BEGIN Dataset excerpts

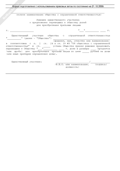 - 95Решение единственного участника общества с ограниченной ответственностью о предложении перешедших к обществу долей для приобретения третьими лицами
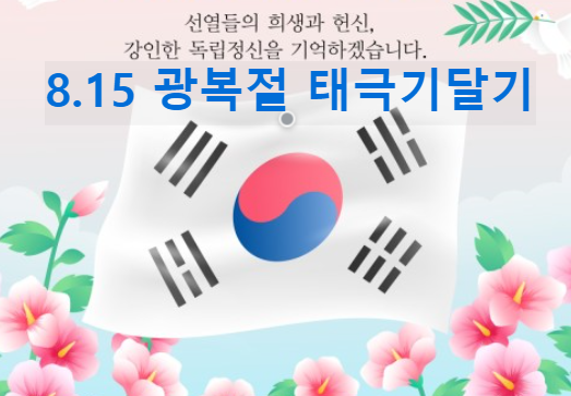 제79주년 광복절을 맞아 국가상징인 태극기를 게양하여 국권 회복을 경축하여야 합니다.
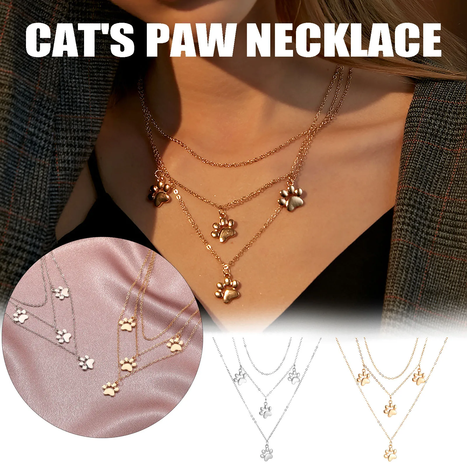 Новый дизайн многослойное ожерелье с милыми животными кошка лапа подвеска трехслойное ожерелье
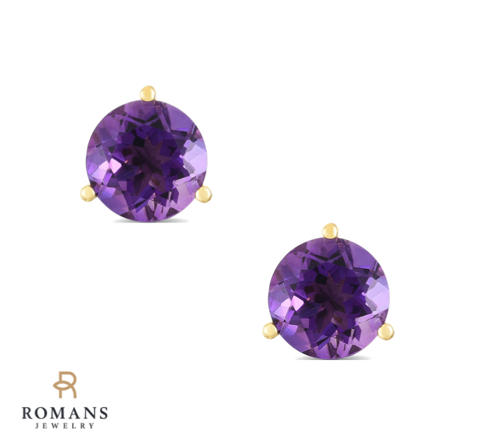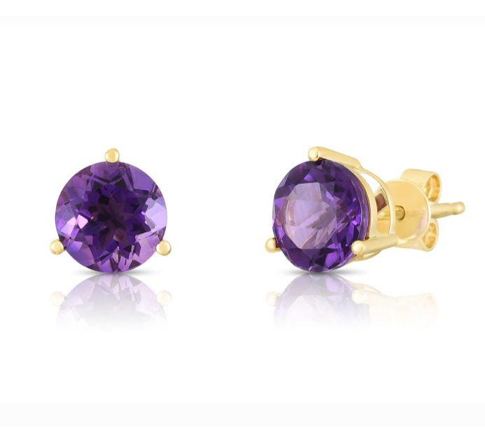 Classic and beautifully matched, these vibrant amethyst stud earrings feature round amethyst gemstones set in 14K yellow gold four-prong settings with comfortable push-back posts. Their petite size makes them a great everyday jewelry option.
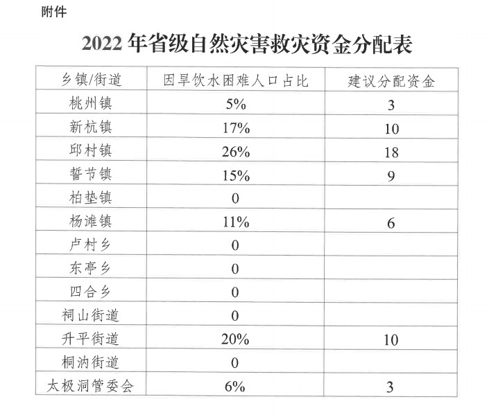 省財政廳、應急廳《關于下達 2022 年省級自然災害救災資金(于旱災害生活補助)的通知》(皖財資環(huán)[2022]997號)下達我市省級自然災害救災資金 59 萬元,用于補助我市解決城鄉(xiāng)居民用水困難,集中組織人員打井取水、買水送水等保障受災群眾生活用水的支出。經請示市政府同意,根據于旱災害期間各鄉(xiāng)鎮(zhèn)(街道辦)因旱飲水困難情況發(fā)放救災資金(資金分配見附件).現(xiàn)將有關事項通知如下:
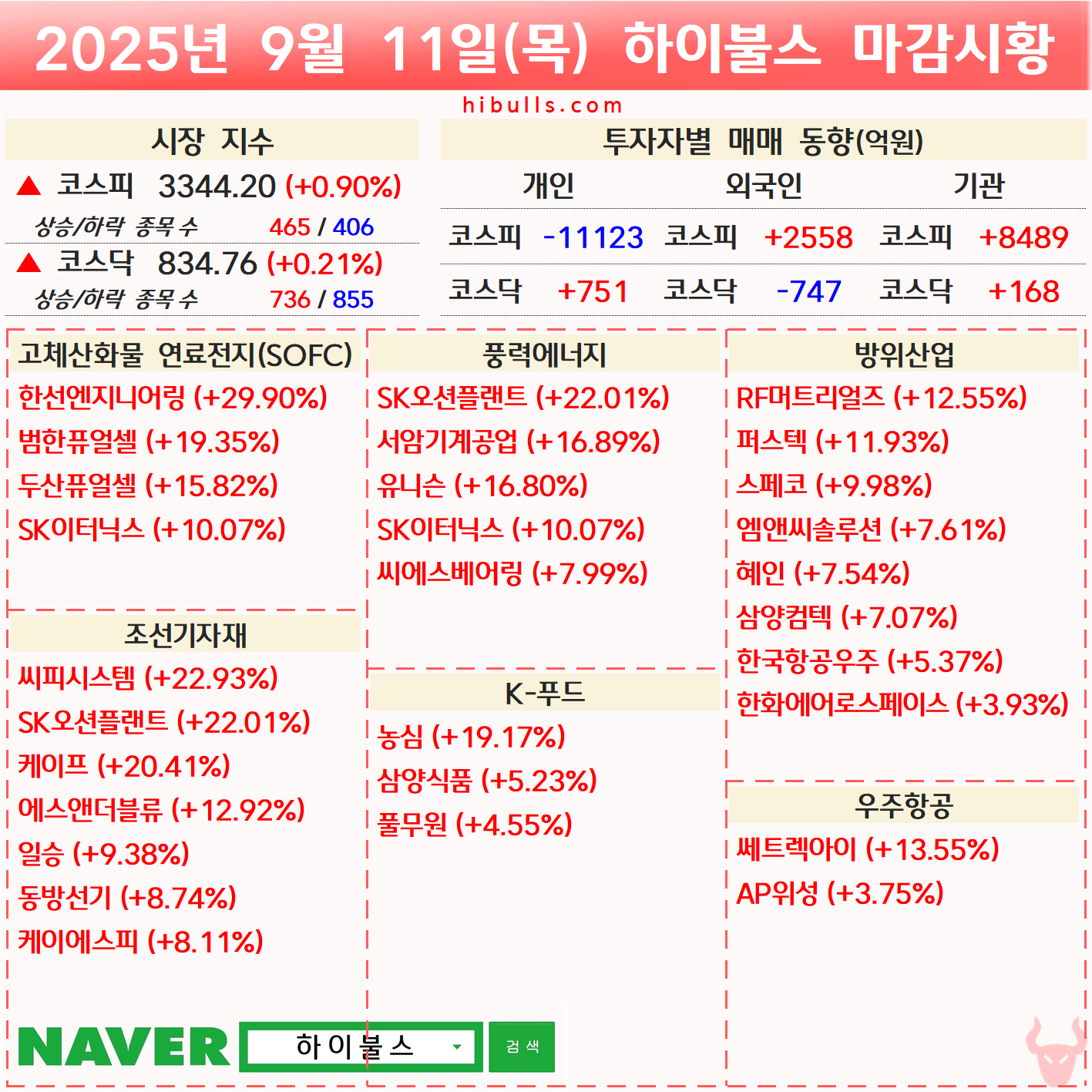 [09.11] 증시 마감시황 및 오늘의 특징주/특징섹터

END Dataset excerpts

• Task statement:
Begin at the first line of the entries and stop after the line holding "Новый дизайн многослойное"; repeat those lines exactly, but not the pictures.

• Result:
 - 95Решение единственного участника общества с ограниченной ответственностью о предложении перешедших к обществу долей для приобретения третьими лицами
 제79주년 광복절을 맞아 국가상징인 태극기를 게양하여 국권 회복을 경축하여야 합니다.
 Новый дизайн многослойное ожерелье с милыми животными кошка лапа подвеска трехслойное ожерелье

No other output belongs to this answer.